Another technique (on flat stock - thin sheets), is to score with an Exacto knife then fold it and it will snap clean on your scored edge. Then a light file to remove any sharpness.

If you also need a clean bend, use a similar score line (not as deep) and bend accordingly.


----------



## slightlymad (May 25, 2006)

DarkShadows said:


> Take 30 bucks and go to walmart or home depot or a hardware store and pick up a jig saw! My number one tool for building halloween props.
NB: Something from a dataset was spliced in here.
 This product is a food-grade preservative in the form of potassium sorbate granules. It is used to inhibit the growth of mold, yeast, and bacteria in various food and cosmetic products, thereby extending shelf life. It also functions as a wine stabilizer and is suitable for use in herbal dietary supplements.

Ditto on the jig saw and with enough practice it can be used as a scroll saw substitute for a circular saw and so on. I swear by my jig rarely using my roto zip.


----------



## Mazz (Jun 24, 2007)

I use a 4 1/2" grinder with a metal cutting wheel.


----------



## eanderso13 (Apr 10, 2008)

I swear by my 6" cutoff saw from harbor Freight:

http://www.harborfreight.com/cpi/ctaf/displayitem.taf?Itemnumber=41453

It cuts steel, aluminum, bars, rods, flat stock, pipes, tubes, and takes mere seconds to do it!


----------



## Bloodhound (Oct 16, 2007)

I really like this this 1/4 inch diegrinder for cutting/sanding










$20.00 @ Harbor Frieght


----------



## Gory Corey (Nov 17, 2006)

Having made a lot of aluminum things over the years:
In order of effectiveness and cost.

Hack saw - slow, cheap, not too accurate.
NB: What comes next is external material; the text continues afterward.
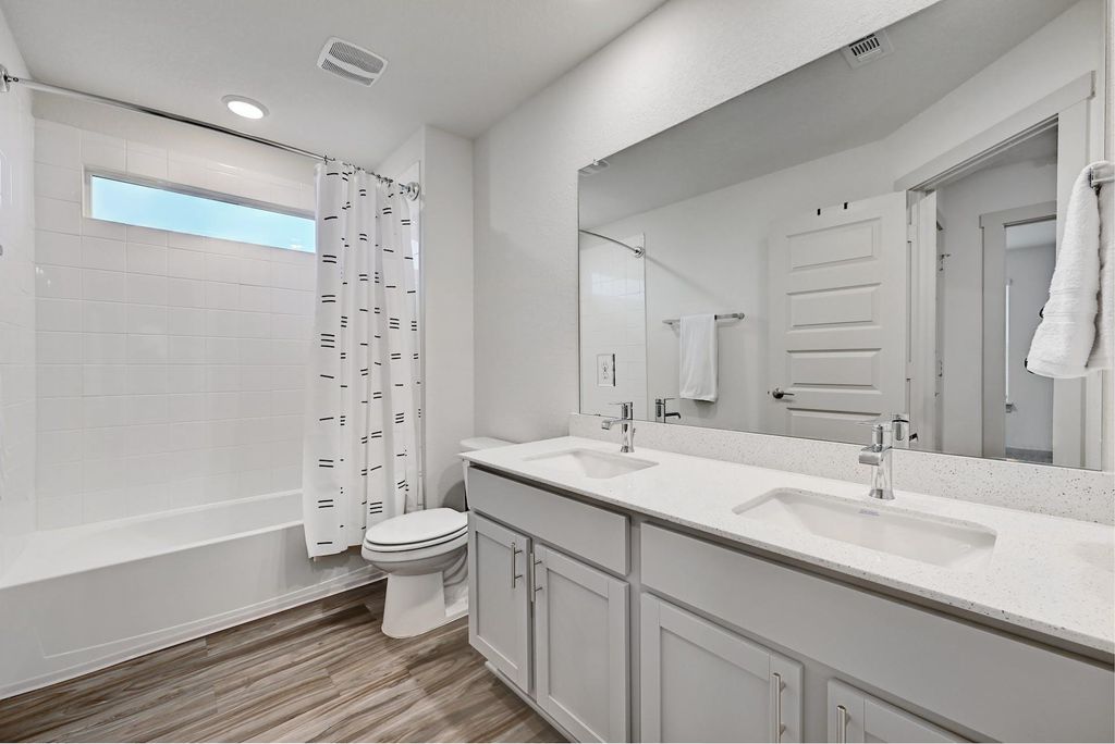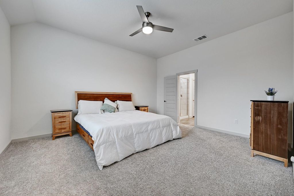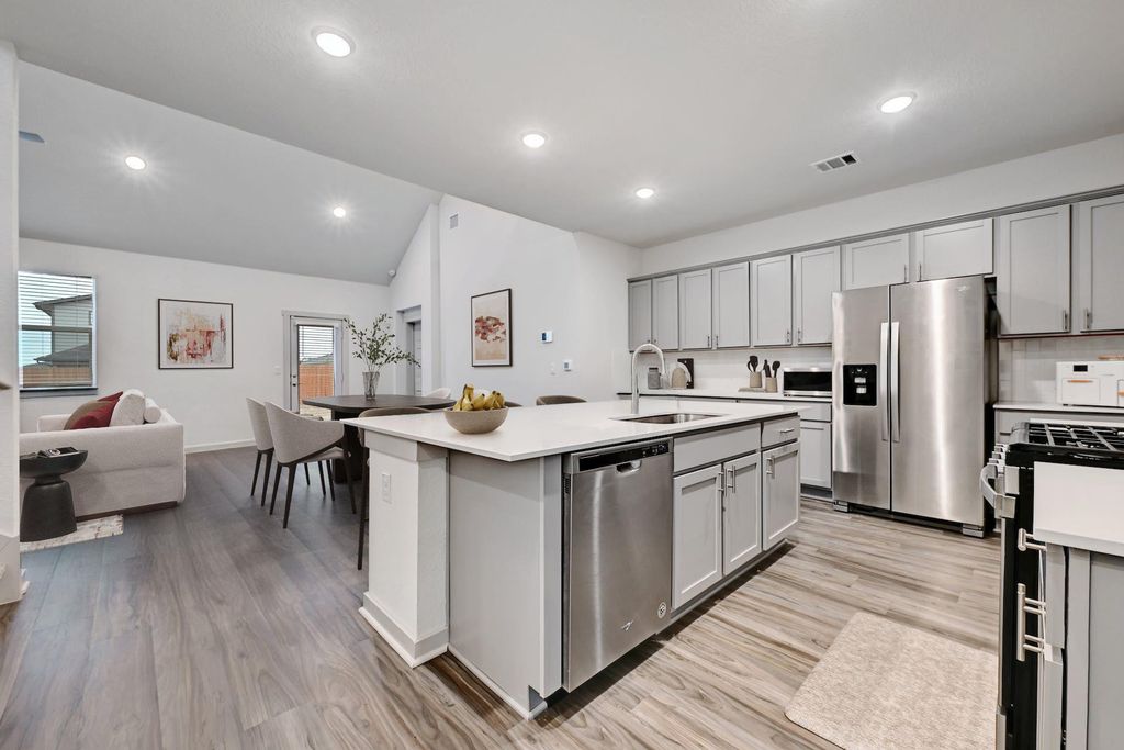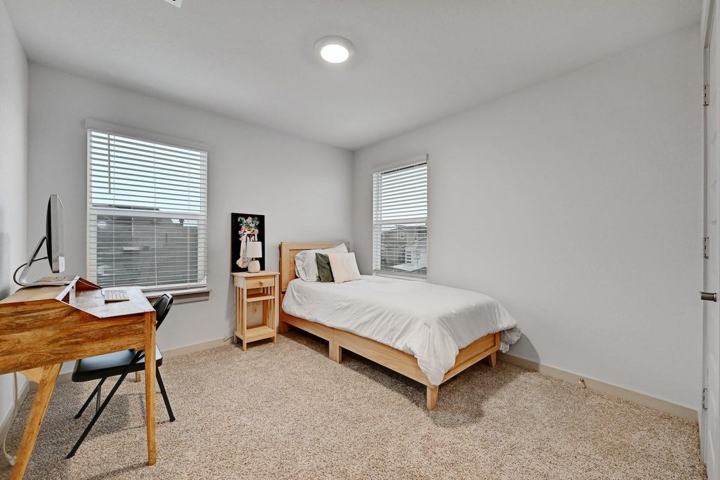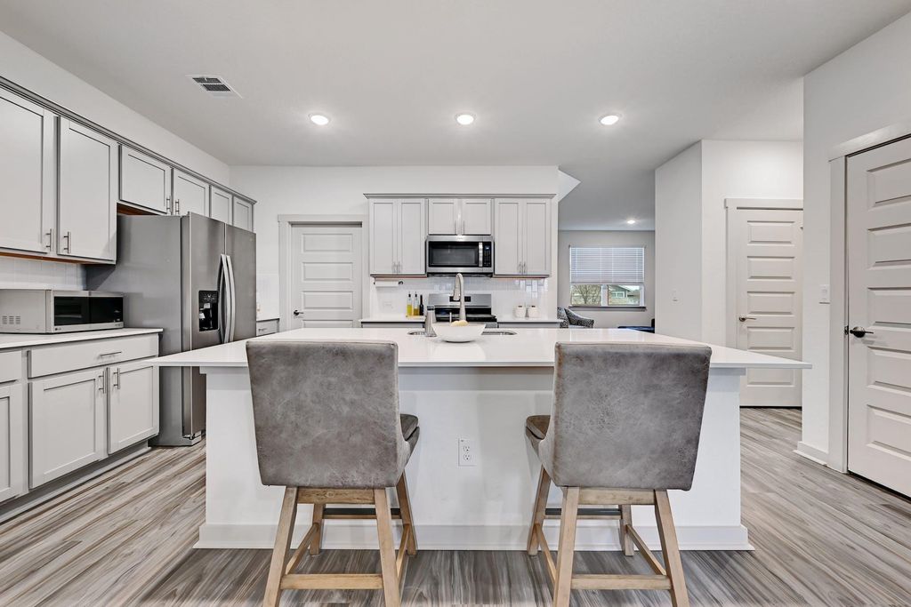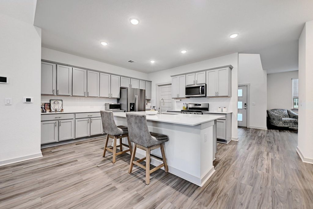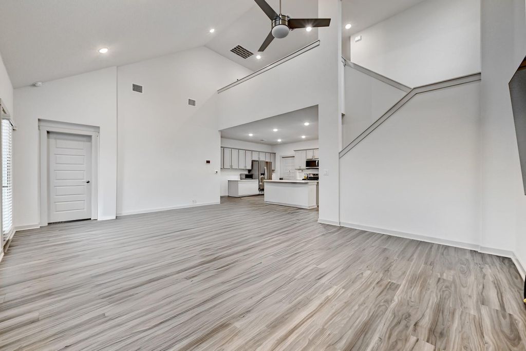 Beautifully maintained & immaculate home in the established Parker Station community, located just min from DT Austin, UT, & ABIA! This spacious 2,494 sq ft Declaration floor plan blends comfortable living with modern design. Recently refreshed with new carpet & interior paint, the home feels bright & move-in ready. The inviting exterior offers simple, manicured landscaping and cozy covered front porch. The open-concept main floor features high ceilings, modern ceiling fan, abundant natural light, and durable luxury vinyl plank flooring throughout the living areas. A modern glass front door opens to the foyer and flexible front room that could be used as a home office, second living, or dining space. The centrally-located kitchen is complete with a large center island & breakfast bar, an abundance of shaker style cabinetry, Silestone quartz countertops, & high-quality stainless-steel appliances, including gas range. With views of the dining area and spacious family room, the kitchen is ideal for entertaining or casual family gatherings. The primary suite is tucked away on the main floor for privacy, and features a vaulted ceiling, en-suite with double vanity, walk-in shower, & a huge walk-in closet customized by California Closets with plenty of shelving & drawers for organization & a built-in vanity area! Upstairs you'll find three additional bedrooms (two with Cali-customized closets), a full bath, and a large game room, perfect for movie nights, exercise room or a play area (also with a California closet). Enjoy relaxing on the covered back patio overlooking a private, fenced (freshly stained) backyard with plenty of room to expand outdoor living or build a pool. Parker Station residents have access to a community pool, playground, picnic pavilion with grills, and clubhouse. Ideally located off 290, 45, and 183S for easy access to retail, restaurants, and major employers (including Tesla), this home offers both comfort and convenience to Central Austin.

4.5" grinder - fast, not too accurate, loud.

Dremel - fast, ok accuracy, can be loud, flexible applications.

Scroll saw - mostly for ornamental work, moderate speeds, clunky to operate, not meant for straight accurate cuts.

Vertical Bandsaw - meant to cut larger mostly wood flats with some curves in the cut, medium speed. Used with metal cutting blades. Be careful to not ignite collected saw dust. Moderately loud.

Horizontal Bandsaw - Designed for metal cutting. Many set and forget, straight cuts only. May be oil cooled. Good choice for repeat applications. Moderately loud.

Table Saw - Must use non-ferrous metal saw blade. Use zero clearance table insert. Very straight cuts, easy to maintain square. Loud

Lathe - for circular and profile work. Long learning curve. Large footprint., Expensive additional tooling.

Mill - Capable of just about ANYTHING you can imagine. Long learning curve, Large footprint, expensive additional tooling.


There is much much more, but consider this as a basic aluminum cutting tool guide.


----------



## Terrormaster (Sep 27, 2007)

WOW - Thanks for all the input folks, this has been quite helpful. Looks like a dremel may be my best choice for cost:effectiveness. Are the edges rough and/or sharp after the cut? If so what should I dull it down with? I'm certain there's probably a dremel attachment for sanding.

Although the Cut-Off Saw Eric posted looks mighty nice too - looks more accurate than a dremel. I wonder if I could pick one of those up at Home Depot or Lowes (I like being hands-on when buying tools).

Thanks again,
TM


----------



## Lotus (Nov 12, 2004)

No matter what you use to cut metal there will have rough or sharp edges you can just use a file take 2 secs with a file. and if you go to HD or Lowes you are going to be paying alot more $$$$

Great Set of files
http://www.harborfreight.com/cpi/ctaf/displayitem.taf?Itemnumber=93340

Always look to see if a Harbor Freight is opening close to you TM they are poping up all over the place in the east coast now

Connecticut 
BERLIN, CT 179 WEBSTER SQUARE Opening Soon! 
VERNON, CT 35 TALCOTTVILLE RD,STE 14 Opening Soon!

Massachusetts 
ATTLEBORO, MA 287 WASHINGTON ST. STE 6 New Store! 
FALL RIVER, MA 35 MARIANO BISHOP BLVD New Store! 
WEST SPRINGFIELD, MA 1150 UNION ST. #B 413-732-2571 
WORCESTER, MA 50 MILL STREET New Store!

My next purchase is going to be this baby
http://www.harborfreight.com/cpi/ctaf/Displayitem.taf?itemnumber=95136
= P


----------



## Gory Corey (Nov 17, 2006)

Spend more money and buy a better unit.
HF welders and cutters are drastically under-powered compared to the real thing.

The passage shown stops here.